On one side is Justin Hammer (Sam
Rockwell), a fast-talking weapons
manufacturer who fancies himself the next Tony
Stark; on the other, Vanko, who, while
incarcerated in a Russian prison, creates his
own battle-suit, which shoots devastating,
whip-like beams. Hammer and Whiplash join forces
to take down Downey’s character, Tony Stark.
Rourke, for his part, wanted to instill some
lightness into the role of the heavy. "I
told Favreau, 'I don't want to just play him as
a one-dimensional p----,'" he says.
"He let me have a cockatoo, who I talk
to and get drunk with while I’m making my suit."
Just as the
deals were being hammered out, Terrence
Howard -- who had played Stark’s best
friend -- fell out of the sequel in a public
salary dispute. The role was re-cast, with Don
Cheadle stepping in. "We had to make
some tough deals," says Marvel Studios
president Kevin Feige. "When they got
public, you go, 'That sucks. Okay, you want a
peek behind the curtain? Here you are!'" Says
Cheadle, "Terrence and I couldn’t be more
different. We address it head-on in the movie in
one exchange. We're not trying to fool people."
(Cheadle admits he didn’t know much about
Marvel’s superhero before the first movie came
out: "I always thought Iron Man was a
robot.")
Adding more
flesh and blood to the new movie, Scarlett
Johansson joined the cast as Stark’s mysterious
new assistant, Natasha, who has an alter ego of
her own, Black Widow.
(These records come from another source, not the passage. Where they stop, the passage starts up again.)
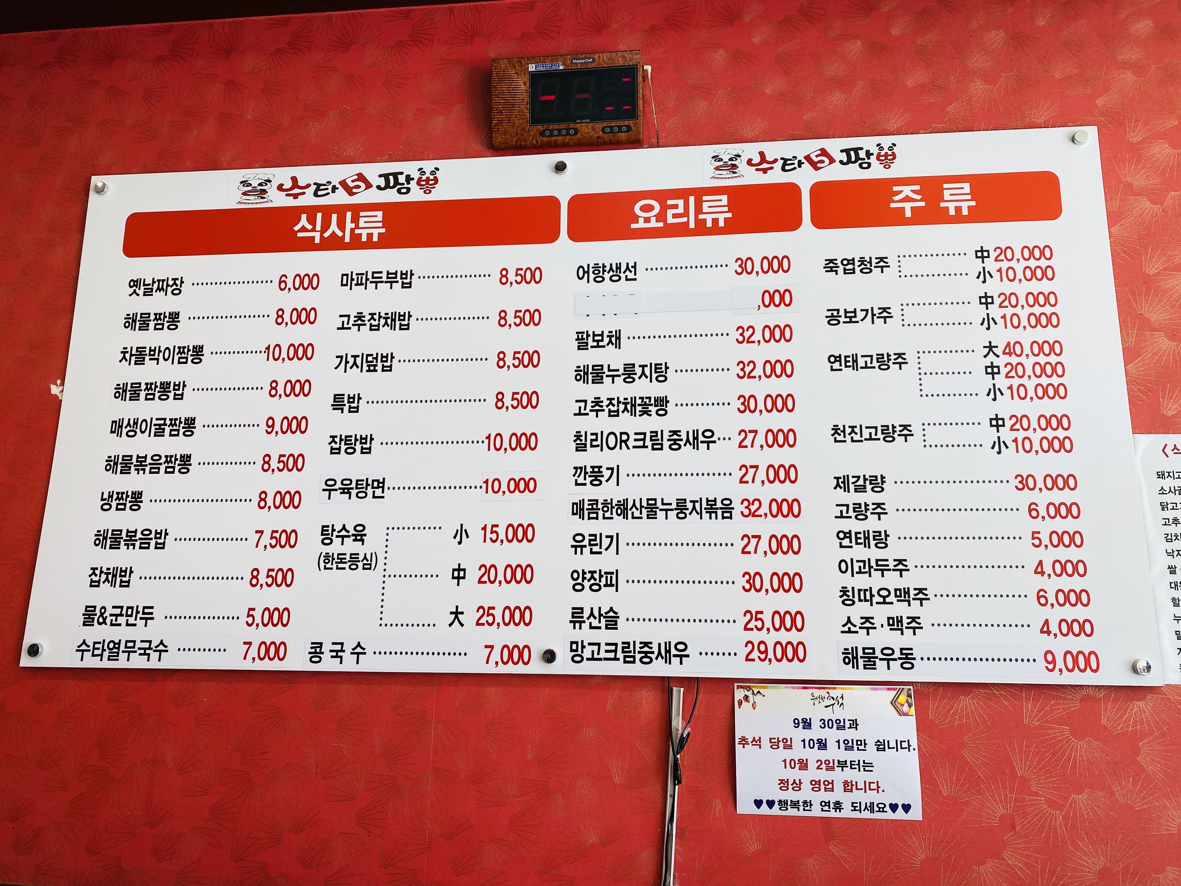짜장, 짬뽕, 볶음밥 등 식사메뉴부터 탕수육, 깐풍기, 유린기, 양장피까지 중국집에 있을만한 요리 메뉴도 풍부했습니다. 짬뽕이 유명하다고 해서, 저희는 '해물짬뽕'과 '탕수육'을 시켰봤습니다.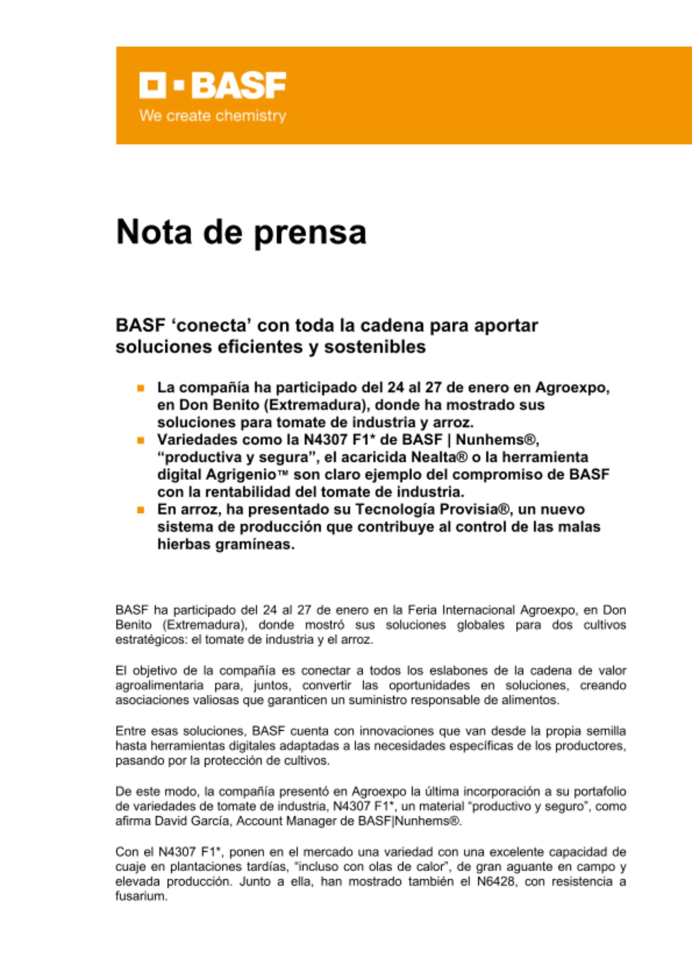 - Variedades como la N4307 F1* de BASF | Nunhems®, “productiva y segura”, el acaricida Nealta® o la herramienta digital Agrigenio™ son claro ejemplo del compromiso de BASF con la rentabilidad del tomate de industria.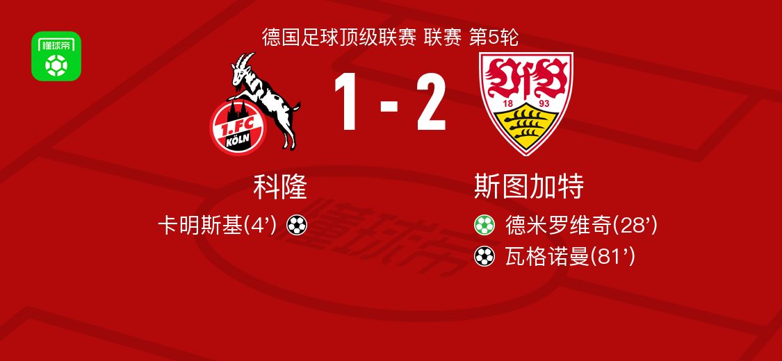 北京时间9月28日,2024-2025赛季德甲联赛第五轮赛事中,科隆队与斯图加特队展开了一场战术博弈。开场阶段科隆队迅速占据主动,阿赫以精准的传球撕破防线,助卡明斯基首开纪录,此举印证了主场作战的战术优势。面对落后局面,斯图加特队随即调整攻防节奏,德米罗维奇抓住点球机会扳平比分,展现出逆境中的心理韧性。下半场斯图加特队持续施压,施蒂勒的关键传球与瓦格诺曼的冷静射门形成战术配合,最终以2比1实现逆转
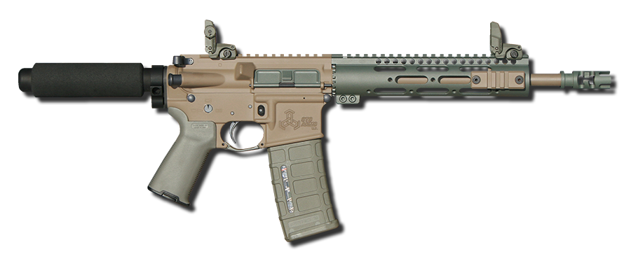 Note: Pistol shown with optional 11.5" barrel and in Flat Dark Earth and Foliage Green accents, Pmag.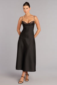 Whispered Elegance Lace Trim Satin Midi Dress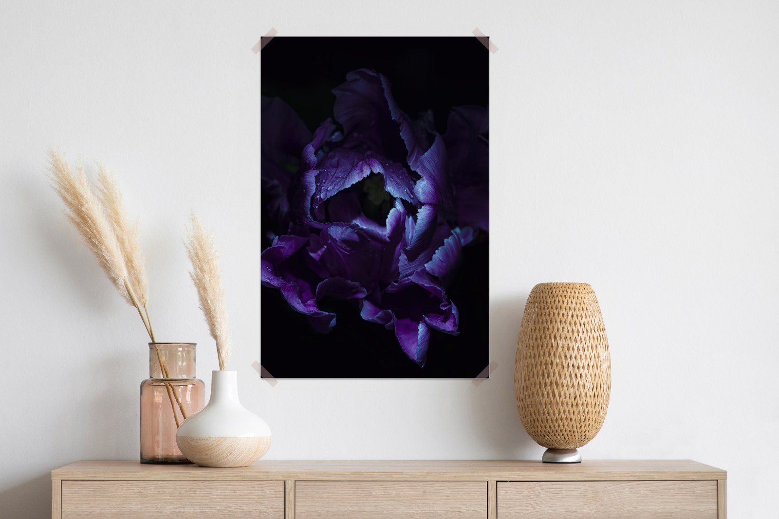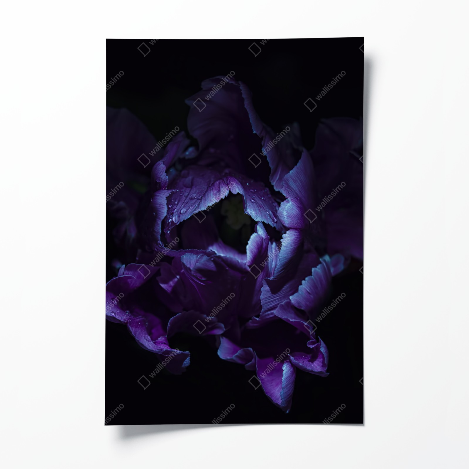 Dodaj dramatycznego kwiatowego uroku do wnętrza dzięki zbliżeniu fioletowego tulipana w ultrafiolecie, ukazującemu kropelki rosy i tekstury na ciemnym tle.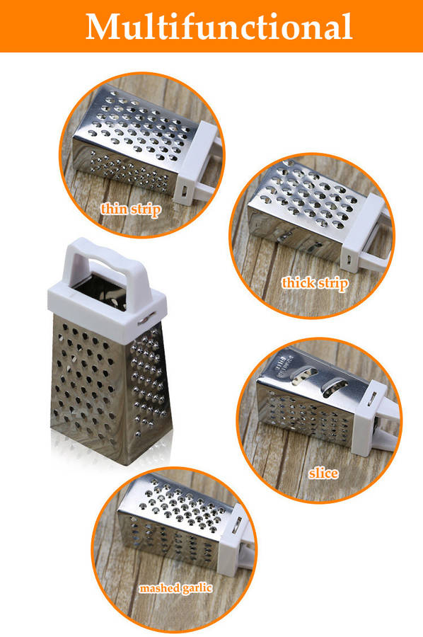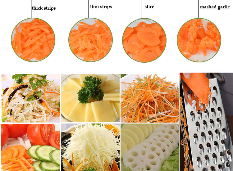 Description: Multifunctional, 4 sides are available, you can make thick/thin spiral, slicer, and mashed garlic High quality stainless steel, rustless, and has pass food test Can be use to cut carrot, potato, cheese, garlic and so on Specification: Material: Stainless Steel+ABS SIZE: H:6.5cm/2.6Inch Color: Randomly Shipping Package Includes: 1 x 4 Sides Vegetalbe Slicer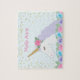 Cute Unicorn Pink & Purple Floral Gold Dots Name Jigsaw Puzzle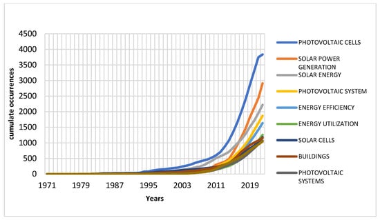 Trend analysis of BIPV research shows that terms such as “building” and “architectural design” have shown a steady frequency over time, reflecting consistent interest. However, the rate of growth is slower than that of energy-focused terms, indicating that while architectural integration remains significant, it is in a secondary position compared to the dominant theme of energy production.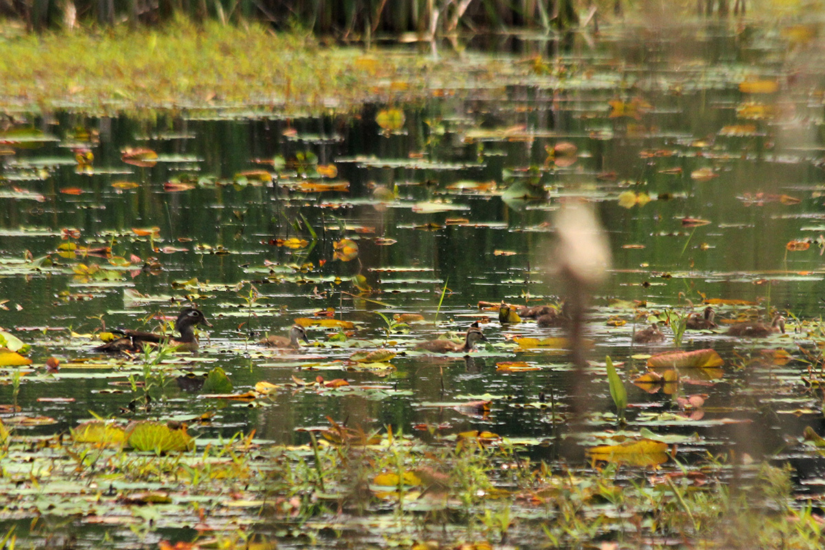 i was hoping to see some male wood ducks but the marsh grass was too tall so they were obscured even if they were there. however, we did spot a female wood duck with a group of maturing ducklings. why do i feel like i've never seen male wood ducks in the wild before? i have, but always from a distance, so not very clearly. i'd like to see one up close for a change.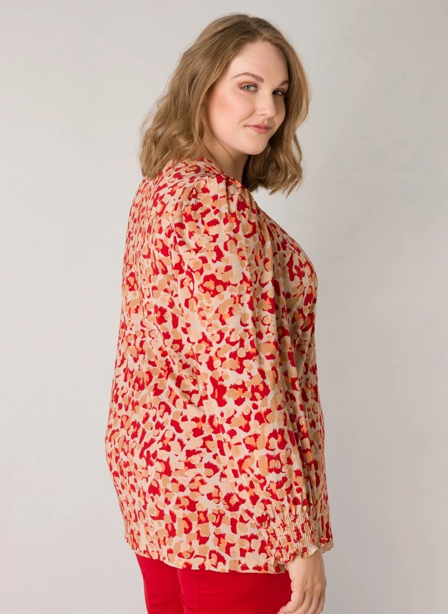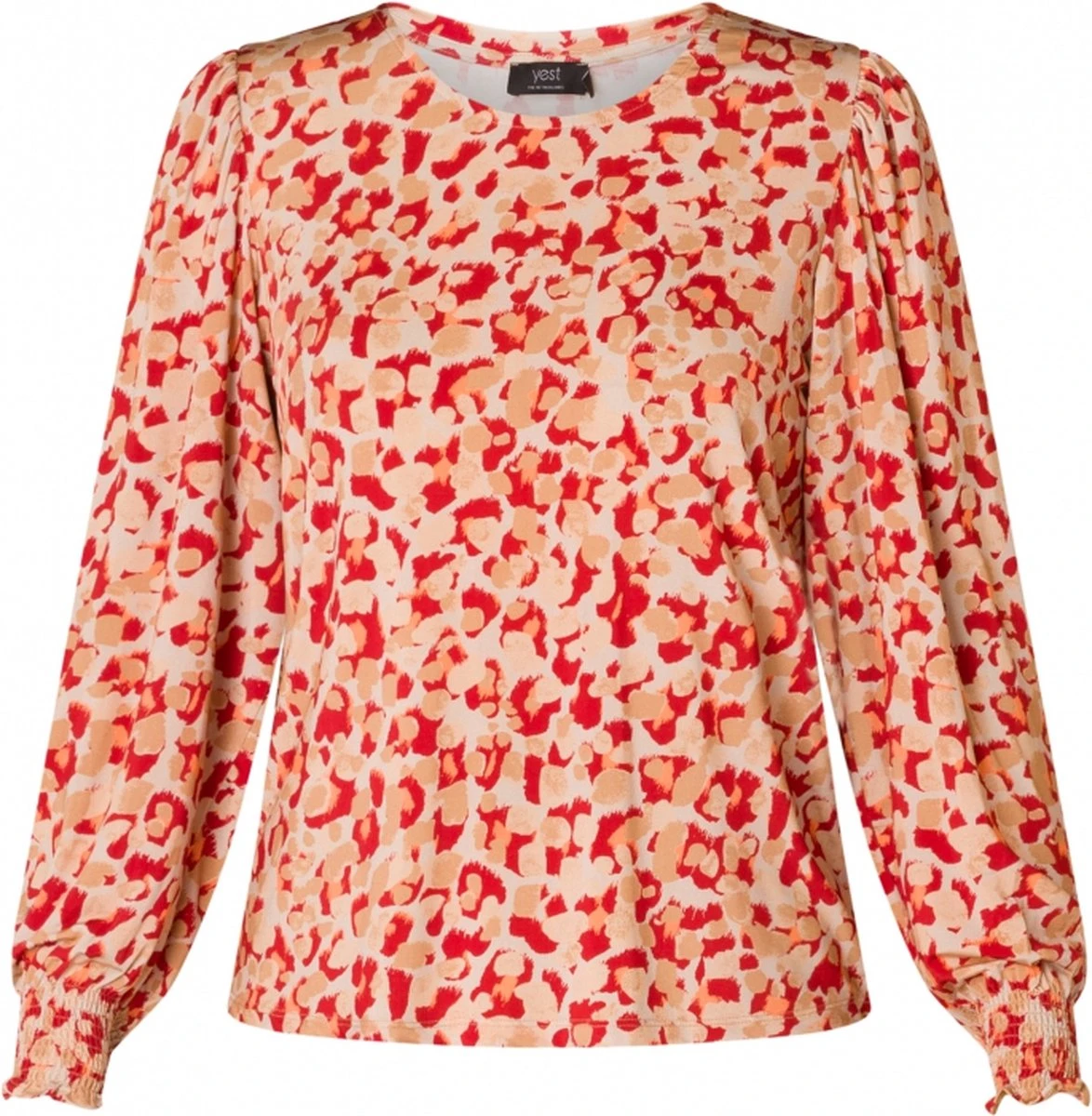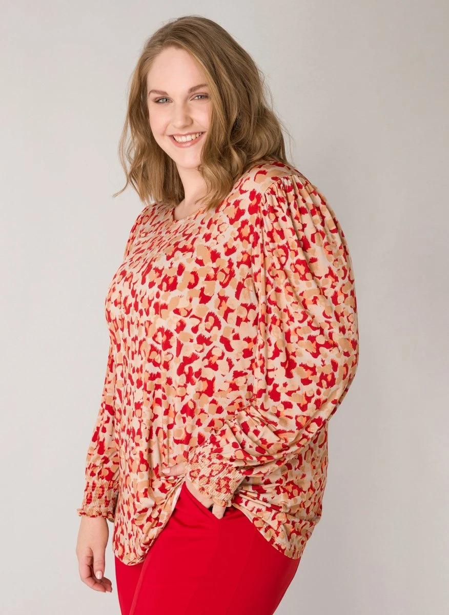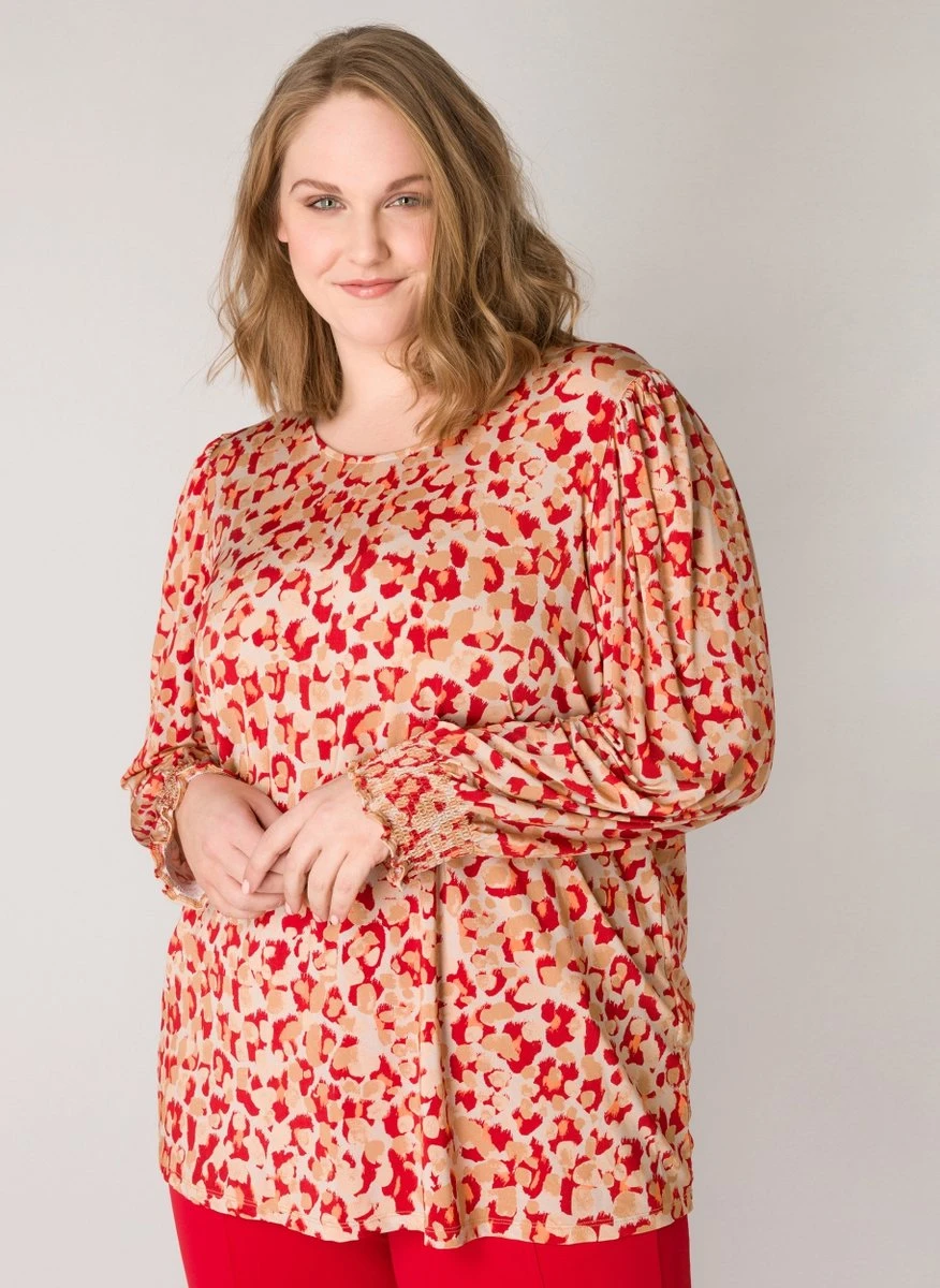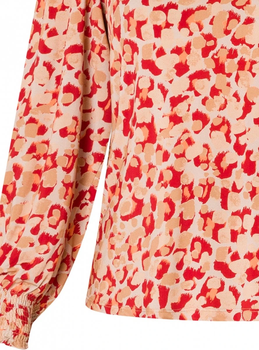 Jersey top in een rood-camel animalprint.Dit shirt van zachtglanzende kwaliteit heeft plooien op de schouders en een gesmockte manchetboord.

That introduction
inevitably sparks romantic tension between Stark
and former assistant Pepper Potts (Gwyneth
Paltrow), who’s been promoted to CEO of
Stark Industries. "The men want it to
be, like, 'Ooh, the girls are fighting over
Tony,' but it's not as standard as that,"
says Paltrow. "There's a weird male
catfight fantasy. Downey agrees. He
believes what differentiates the franchise from
other superhero series can be summarized as
follows: "We're horny. Not, like,
can't-bring-your-kids horny, but just¼horny."